What do we get right about homeless services?
Destiny H: “That we need help”
ANYONMOUS YOUTH: When I started the Transitional Living Program (TLP), I was given a packet that included all the information I needed. It was very helpful and made me feel like an adult, while also being supported.
What is missing from our current services that you need? Or needed?
Destiny H: When I was in the YWCA Family Shelter, I was pregnant and sick. Shelter rules require each person to leave during the day time, without exception, but one staff member noticed I was sick and went to management (without me asking) to advocate for my needs. He continued to check in on me, give me snacks, and ask me how I was. This made a big difference for me. We need more staff that are trained to identify our needs, be caring, and advocate for us. Advocating is very important.
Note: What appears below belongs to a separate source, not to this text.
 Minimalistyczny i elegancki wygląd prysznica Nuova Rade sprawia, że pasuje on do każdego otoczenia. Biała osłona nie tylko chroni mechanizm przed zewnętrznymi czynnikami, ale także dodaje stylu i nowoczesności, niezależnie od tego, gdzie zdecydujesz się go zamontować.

ANYONMOUS YOUTH: In the shelter, I had great casework, but what I needed was someone helping me with “what should you do” rather than “what have you done.” Young Adults need help planning for the long-term and understanding how to succeed. Programs that focused on me meeting with staff to discuss what actions I had taken were not helpful, as I didn’t know how to start. I also like that TLP allows me to make my own decisions and treats me as an adult, but still helps me with guidance and advice on next steps. TLP is more than a roof to sleep under for me.
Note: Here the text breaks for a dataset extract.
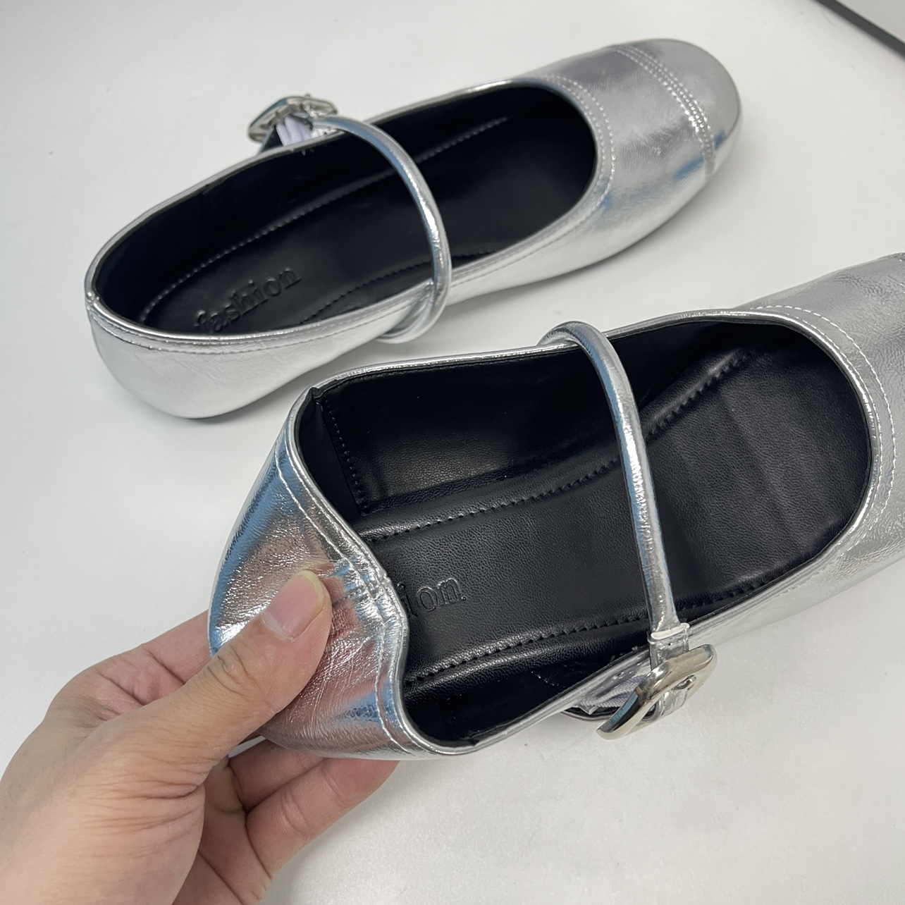 子2025春秋新款 仙女平底豆豆鞋 配裙子瑪麗珍鞋 銀色小皮鞋 女鞋 法式

What are five things you would change about current homeless services?
- Allow pregnant homeless youth or parenting homeless parents to be eligible for child care, prior to finding employment or enrolling in school.
- Have shelters and facilities specifically for Transitional Age Youth, as well as staff who are willing to go to the youth. Even if it’s unsafe.
- Have access to services in the shelters, such as job training, job linkage, and more.
- We need to find better ways to assess a youth’s needs, then have staff to help them with those needs. Everyone needs to be treated the same way.
- If a youth has family or friends who can provide housing, offer the youth transportation assistance to get to their family or friends.
- In the shelter, having to plan where to be each day makes it difficult to address needs and think with a clear head. I would change this rule.
- Programs unconsciously reinforce survival instincts and need to focus on changing those instincts.
What was most helpful to you going through Huckleberry House program(s)?
Destiny H: The staff I have worked with are helpful, they care, and I immediately felt I could trust them. At other agencies for Transitional Age Youth, I like that there is chaos with boundaries. We can make our own decisions, able to roam, have access to a gym, access to laundry, and are safe. We don’t have to worry about our stuff being stolen or not sleeping at night or worse. Transitional Age Youth want boundaries, safety, and nonjudgmental interactions with other people.
ANYONMOUS YOUTH: TLP “gives you room to breathe.” Staff also know and are accepting of when you fall off the wagon.
What else do you want people to know about your experience being homeless?
Destiny H: I have felt different and questioned the “system” since I was young. When I was diagnosed with ADHD/ADD, I was excluded from traditional classrooms and my peers at school started to bully me. Now, I am trying to make it on my own without any government assistance, after being homeless. When you have been homeless, you have to live differently and moving into housing is hard. I used to wake up in the middle of the night, in my new apartment, worrying someone would steal my stuff. Then I remembered where I was, but I was already having a panic attack.
ANYONMOUS YOUTH: I want people to understand that homeless persons or persons using welfare aren’t a stereotype of abusing the system, but people trying to get on their feet with no support. When your family isn’t there to support you, the system becomes your support. “We’re just people.” I want someone experiencing homelessness to know you don’t need to be embarrassed.